The Financial Times, which said a final solution to the Lehman crisis was more likely to come together on Sunday, said many banks were resisting the idea of investing in Lehman's troubled assets.
Market participants are unclear about how traumatic a Lehman collapse would be. Some wonder if faith will erode in all broker-dealers, but others argue that traders have had months to reduce their exposure to Lehman and demand more collateral, and that any impact would be manageable.
Goldman Sachs, Citigroup, JPMorgan, Lehman, Merrill, and Morgan Stanley declined to comment.
'SHORT ON CAPITAL'
With LTCM, major banks each contributed to a $3.65 billion bailout of the hedge fund, allowing it to be wound down in an orderly way.
But this time may be different.

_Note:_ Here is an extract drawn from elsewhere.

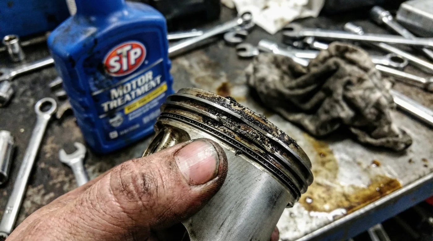 Cause: Oil control rings are glued shut by hardened additive carbon, allowing raw oil to pump into the combustion chamber. - Symptom: A heavy, oily smell inside the cabin accompanied by blue-tinted exhaust smoke upon cold startup.

The capital of many top banks is already strained by the credit crisis, making them reluctant to fork over funds to help Lehman, whose problems are largely a result of bad bets on the U.S. mortgage market.
"The big concern here is, that the system is short on capital in a big way," said Dan Alpert, banker at Westwood Capital in New York.
"That's a problem--there could be another half a trillion dollars in writedowns, and you have to find that somewhere."
Also, while LTCM was a client of most Wall Street firms, Lehman is a competitor.
"I'm not sure why Goldman Sachs would want to keep Lehman in business," said Charles Peabody, analyst at independent research firm Portales Partners in New York.
He called a "pre-packaged bankruptcy" the best possible scenario for Lehman since it would keep the bank's broker dealer operating subsidiary intact even if largely wiping out equity holders and hurting bondholders.
Lehman has hired law firm Weil Gotshal & Manges to prepare a potential bankruptcy filing, the Wall Street Journal reported, citing a person familiar with the matter.
Underscoring the markets' fragility, Merrill's shares tumbled 12 percent on Friday, while those of insurer American International Group Inc fell more than 30 percent.
Washington Mutual Inc, the largest savings and loan, lost 3.5 percent, bringing its decline so far this year to 80 percent.
All three companies have varying degrees of exposure to the mortgages and other toxic assets that appear to have been Lehman's undoing.
Lehman has about $46 billion of commercial and residential real estate on its books.
Although the bank has reduced its leverage, or debt relative to assets, it still has about $600 billion of assets supported by some $30 billion of equity, meaning the value of its assets need only decline by 5 percent to make the company worthless.
In a world where financial institutions are reducing their leverage globally, prices for many different kinds of assets are falling.
One key source of pressure on Lehman is its debt ratings.
All three rating agencies said ratings cuts for Lehman were a possibility, as confidence in the firm erodes.
Moody's Investors Service said on Wednesday that Lehman must enter a "strategic transaction with a stronger financial partner" to avoid having its ratings cut to near-junk levels.
Such a ratings cut would make it difficult for Lehman to compete in businesses such as long-term interest-rate derivatives. Ratings downgrades could force the firm to post billions of dollars of additional collateral with its trading partners, further straining the bank's balance sheet.
Germany's finance minister said on Saturday he expected a solution for Lehman by Monday, as European policymakers worried about the market impact of the firm's woes.
Worries about Lehman were also heard on the presidential campaign trail, where top economic advisers to Democratic candidate Barack Obama and Republican candidate John McCain argued for a private solution to Lehman's problems.